- What you will do:
Nothing but the lines from the one containing "乘私家车人数:$1500 × (1" through the end of the data below should appear in the answer, each exact and free of pictures.

- Saved data entries:
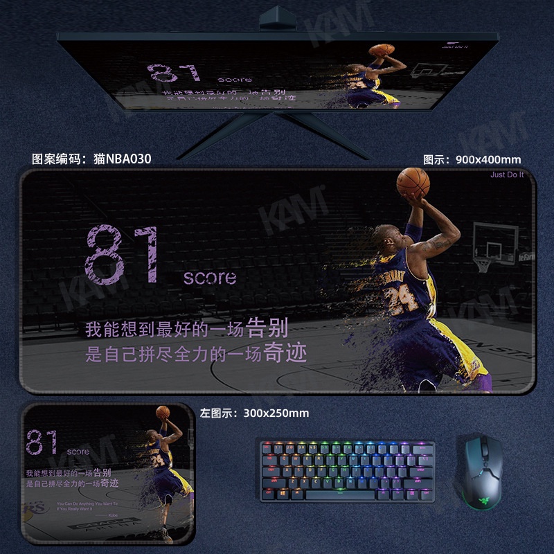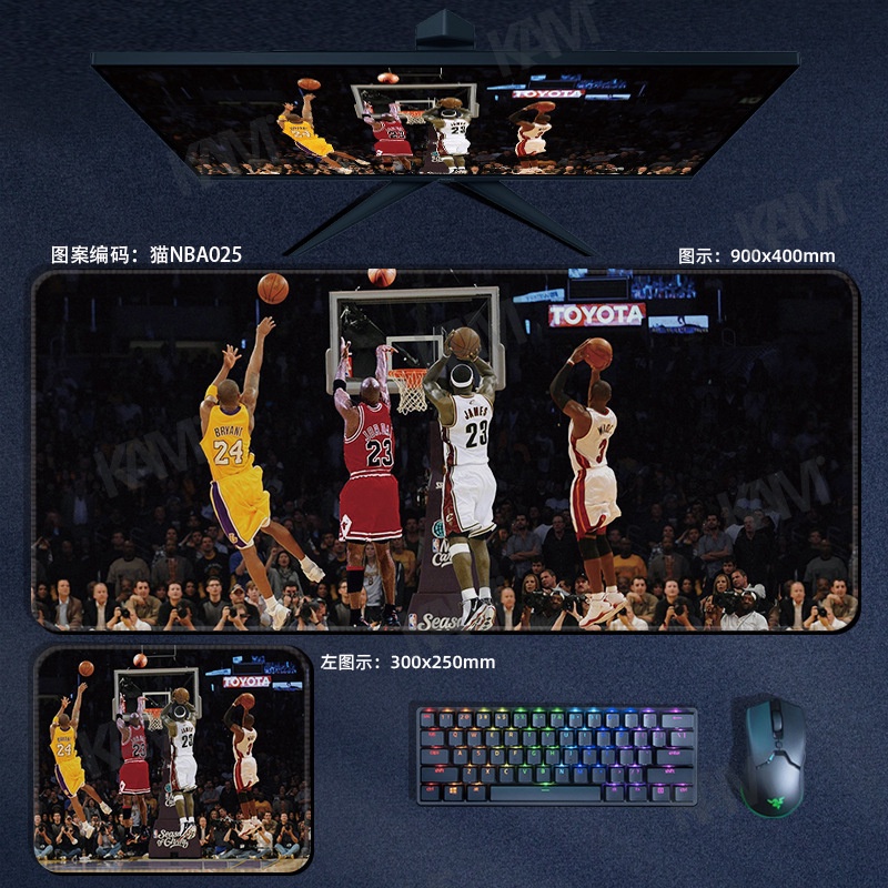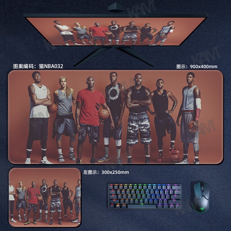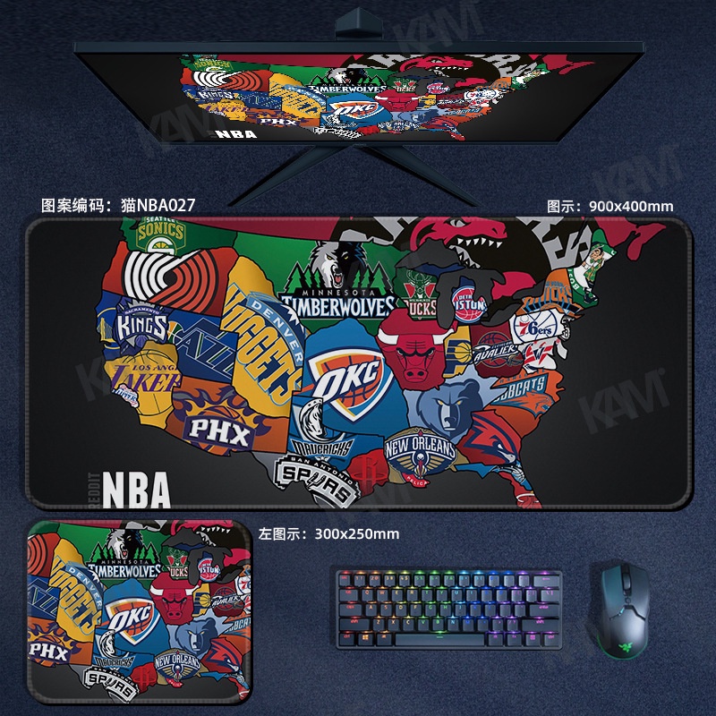 Kam NBA Thick Large Gaming Mouse Pad 800mmx300mm Desk Pad Waterproof Computer Mouse Pad HD Printing Office Keyboard Mouse Pad Room Decoration
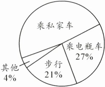 乘私家车人数:$1500 × (1 - 21\% - 27\% - 4\%) = 1500 × 48\% = 1500 × 0.48 = 720$(人),
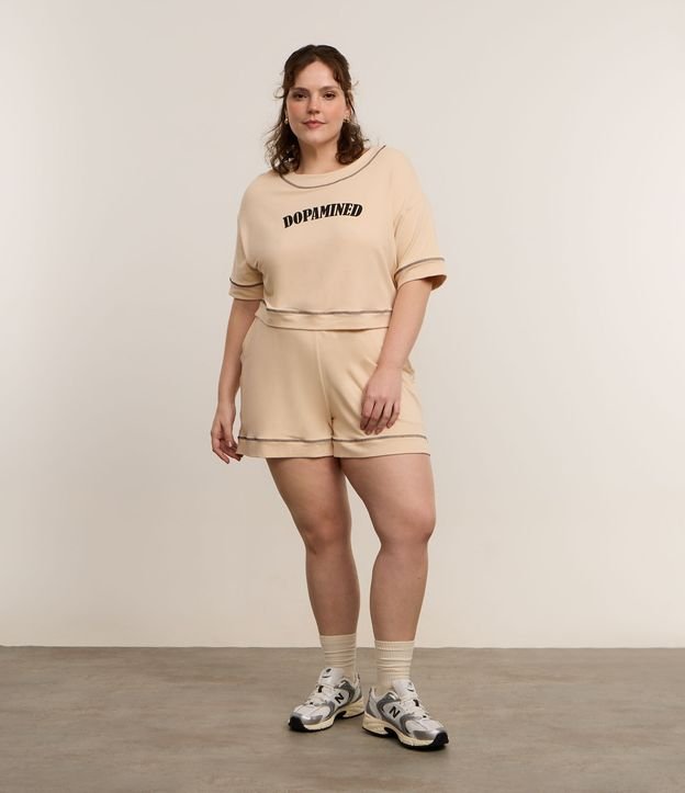 Short Amplo Esportivo em Moletom com Bolsos Curve & Plus Size Bege
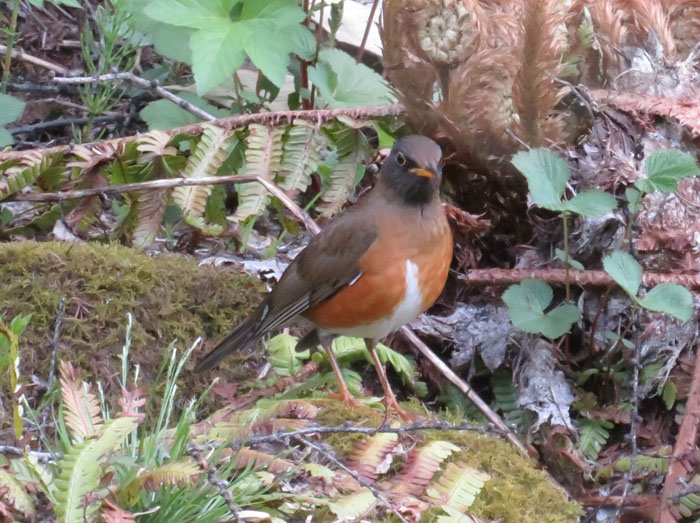 「キュロン、キュロン、ツイー」と三音節で鳴き春の訪れを告げる鳥。ミミズなどを餌にするツグミの仲間だそうです。地面を突いていることが多いので、撮影もしやすいのかな。お腹は赤いけれど、真ん中は白いんだ。
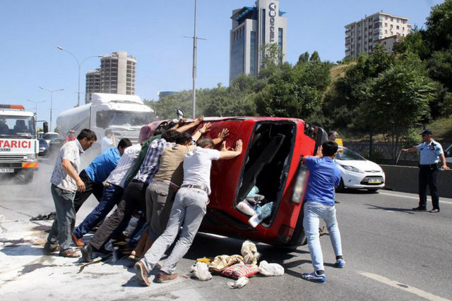 Yaralı sürücü İstanbullu, vatandaşlar tarafından yolun kenarına çekildi. Vatandaşlar, ambulans gelene kadar kafasından ve sağ bacağından yaralanan Aziz İstanbullu’nun yanından ayrılmadı. Yaralı sürücü ambulansla kaldırıldığı Göztepe Eğitim ve Araştırma Hastanesi’nde tedavi altına alındı.
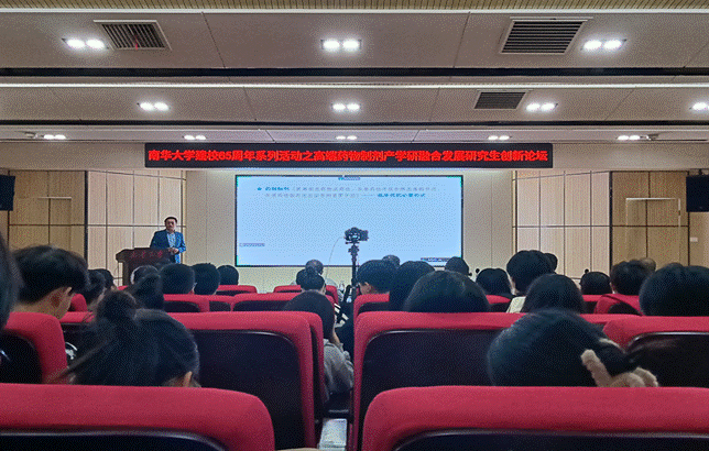 2023年10月15日,复旦大学特聘教授陆伟跃博士应邀来到南华大学参加南华大学建校65周年系列活动之高端药物制剂产学研融合发展研究生创新论坛,为学院师生作题为“脑部肿瘤靶向递药策略与实践”学术报告。此次论坛旨在搭建一个学术交流的平台,进一步推动药物制剂领域研究的创新和发展。
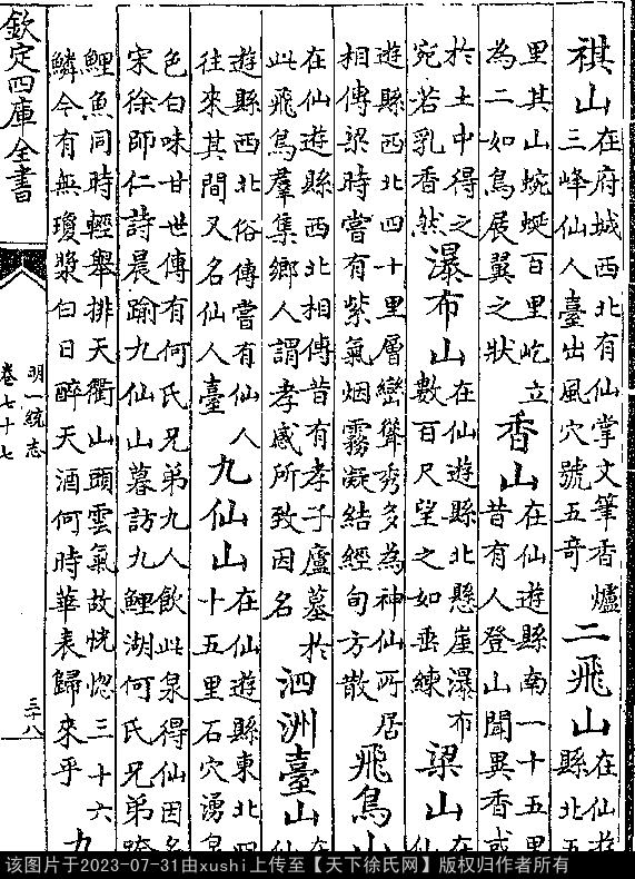 九仙山 宋 · 徐师仁 押虞韵 晨逾九仙山,暮访九鲤湖。 何氏兄弟跨鲤鱼,同时轻举排天衢。 山头云气故恍惚,三十六鳞今有无。 琼浆白日醉天酒,何时华表归来乎(宋李俊甫《莆阳比事》卷七)。 出处:《明一統志-明-李賢》卷七十七(第 38a - 38b 頁)

- Response:
 乘私家车人数:$1500 × (1 - 21\% - 27\% - 4\%) = 1500 × 48\% = 1500 × 0.48 = 720$(人),
 Short Amplo Esportivo em Moletom com Bolsos Curve & Plus Size Bege
 「キュロン、キュロン、ツイー」と三音節で鳴き春の訪れを告げる鳥。ミミズなどを餌にするツグミの仲間だそうです。地面を突いていることが多いので、撮影もしやすいのかな。お腹は赤いけれど、真ん中は白いんだ。
 Yaralı sürücü İstanbullu, vatandaşlar tarafından yolun kenarına çekildi. Vatandaşlar, ambulans gelene kadar kafasından ve sağ bacağından yaralanan Aziz İstanbullu’nun yanından ayrılmadı. Yaralı sürücü ambulansla kaldırıldığı Göztepe Eğitim ve Araştırma Hastanesi’nde tedavi altına alındı.
 2023年10月15日,复旦大学特聘教授陆伟跃博士应邀来到南华大学参加南华大学建校65周年系列活动之高端药物制剂产学研融合发展研究生创新论坛,为学院师生作题为“脑部肿瘤靶向递药策略与实践”学术报告。此次论坛旨在搭建一个学术交流的平台,进一步推动药物制剂领域研究的创新和发展。
 九仙山 宋 · 徐师仁 押虞韵 晨逾九仙山,暮访九鲤湖。 何氏兄弟跨鲤鱼,同时轻举排天衢。 山头云气故恍惚,三十六鳞今有无。 琼浆白日醉天酒,何时华表归来乎(宋李俊甫《莆阳比事》卷七)。 出处:《明一統志-明-李賢》卷七十七(第 38a - 38b 頁)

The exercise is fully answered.